Many years ago... when we could fly for nearly free and galavant across the country... decided to take in the Royal's Spring Training in Florida.... and the baseball amusement park next door Boardwalk and Baseball... Was simply glorious April weather... We returned tanned... well... her allover... me, the left forearm (from out the rental car window... remember, I'm somewhere between a strawberry and an Albino..... I get redder and redder and redder.. 'ceptin' the left forearm.)

Perched in our $12 First Class seats... we shared the ride home with Keven Sietzer (A KC Royal rookie at the time) and George Brett... a few goo-goo-gaa-gaa stares from the two boys (Maynard and his half-brother D).. and compliant smiles from the ballplayers... Then we landed....

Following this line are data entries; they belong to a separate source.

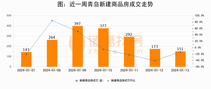 【青岛成交日报】01月13日新房成交151套、二手房51套;涨价房源57套
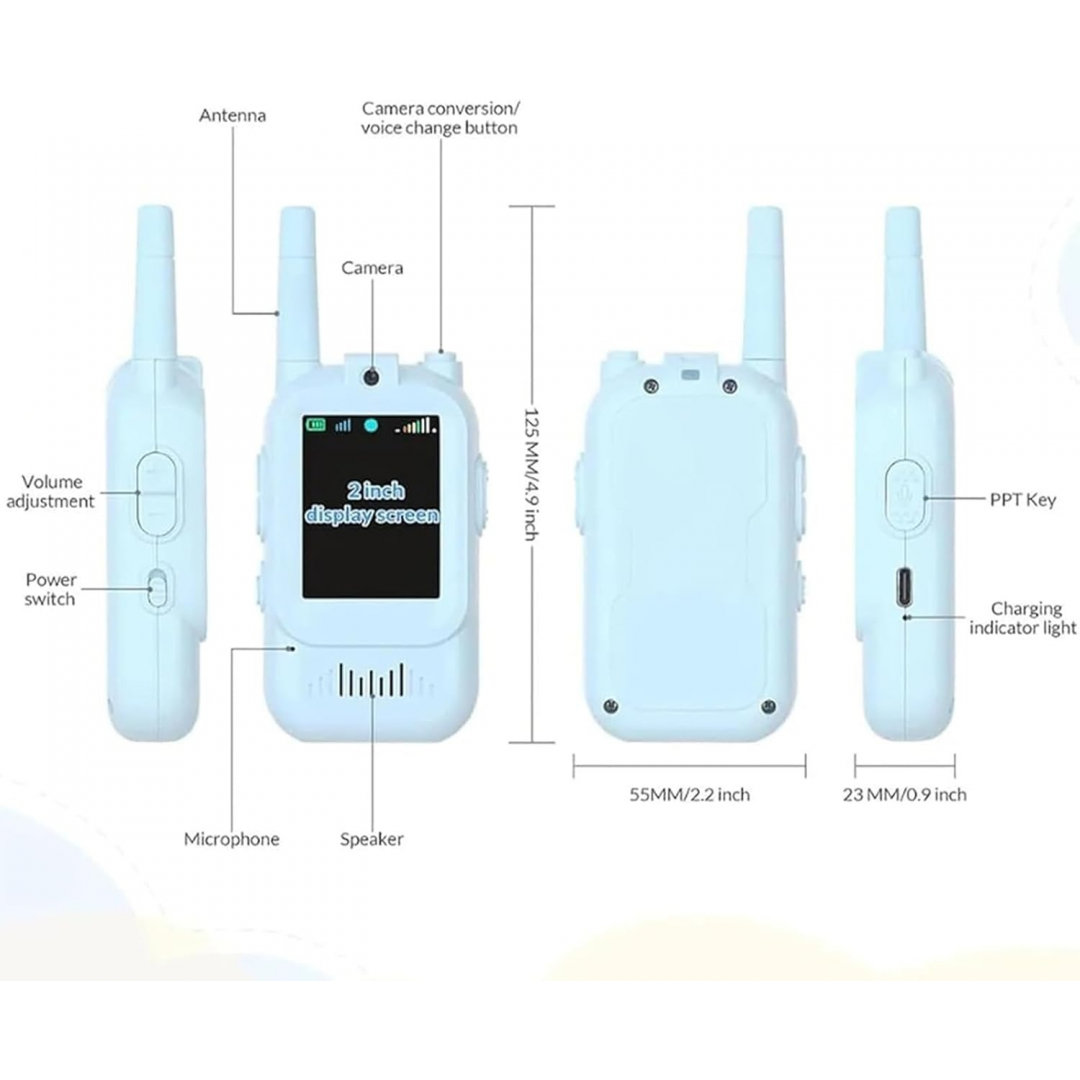 Рация детская с функцией видеосвязи и фото, 0696, комплект 2 шт, экран 2 дюйма, зарядка Type-C
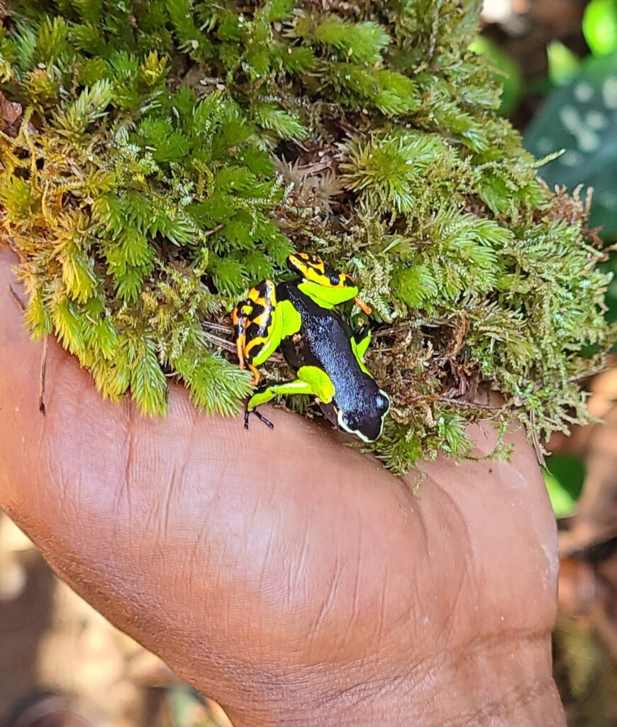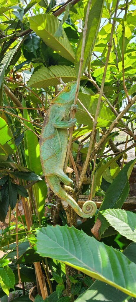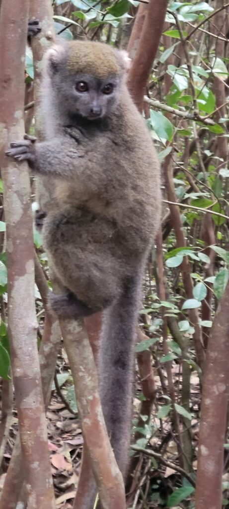 Our first stop is at Peyreiras Reserve at Marovezo. It was a private run place – so more zoo-like. Our guide, Franklin, first lead us to Lemurs after he collected some loquat out of a tree. They are not in cages but they are handfed, and allowed us to “pet” them. We saw two kinds: a ,that is brown and white; and the Brown Lemur. We each were able to feed one and stroke their backs. They are obviously used to humans, but still startle easily. Then we went in and out of pens: showing us many chameleons – I think he said they had 35 in one pen. What I remember was a Panther Chameleon; and a chameleon that has a horn -like snout. We probably saw a dozen of them, with a couple of them doing their crazy stepping walk. We also saw a couple of tomato frogs – they are red, and about the size of an egg. Then we saw a birght orange frog – size of thumb nail, and a black frog with neon green spots on it’s body and it’s legs black and orange striped – also thumb nail size. None of the frogs are poisonous, but sure seems like they should be!!! Next we saw the two boa constrictors – a ground one and a tree dwelling one, also THANKFULLY, in pens. Lastly saw a really large leaf gecko, and a much smaller leaf chameleon. We left there with a good feeling, even though it was an upscale zoo, it still reminds you of the wildness of Madagascar, but much habitat areas are being lost.
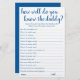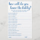 "How Well Do You Know Daddy?" Who best knows the father-to-be? Simple keepsake baby shower or gender reveal party game featuring a fun, casual hand-lettered script. The classic design includes a modern handlettered quote typography overlay. For other colours or matching products, please visit the JustFharryn Zazzle store, or contact the designer, c/o Fharryn@yahoo.com All rights reserved. #bohochic #zazzlemade"
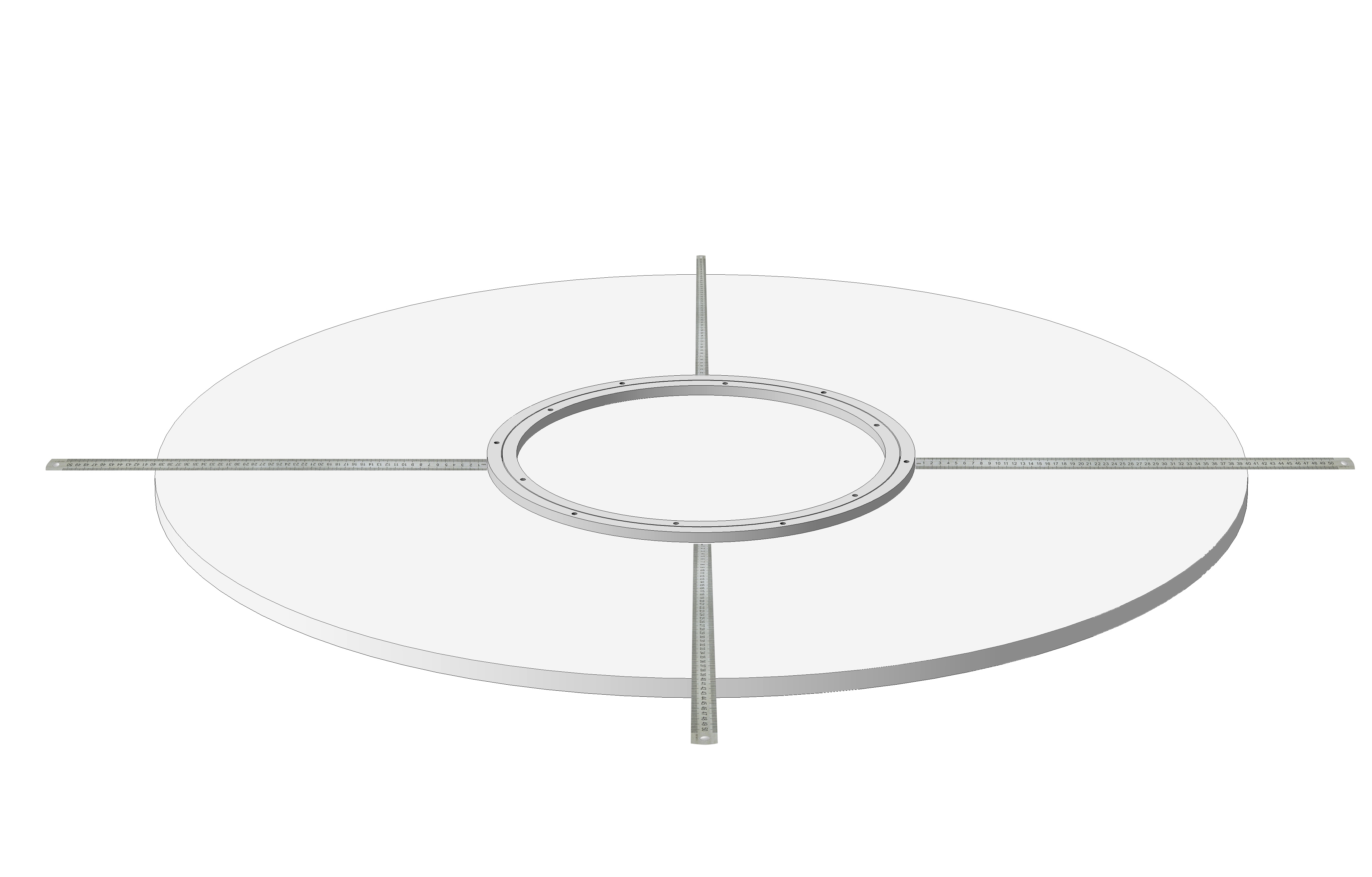 Перед сборкой нужно соблюсти центровку, чтобы потом при вращении круг не болтался из стороны в сторону. Удобный быстрый способ наметить правильное положение механизма: с помощью длинной линейки или рулетки. Просто добиться одинакового расстояния от краёв механизма до краёв поворотного круга. Затем обрисовать вокруг механизма круг карандашом или маркером. Перед сборкой вы положите механизм точно в намеченный вами круг, и наметите отверстия для крепления. Останется только просверлить и можно приступать к сборке.

Holy shit. Airline guy opens the door and it's like 37 degrees in Kansas City. Brett turns to Sietzer, no words exchanged, but I could tell they each wished they were playing for like the San Diego Padres or something...

April in the Midwest, like life, can be a bastard. April, like this ride, can be glorious. April, like a relationship can be orgasmic and "seeyalater" in a day's time. April, like work, can be rewarding and frustrating as hell.. sometimes all within the same day.

April can sendya shakin' cause yain't dressed for it... It can drenchya cause they popup in a minute... and some days you can lay on the ground on a blanket and have thoughts of "please Lord, don't change a thing... the BEST." It can scare the watoosie outta ya as you head to the basement during the sirens... Some days though, ya never wanna leave the park bench.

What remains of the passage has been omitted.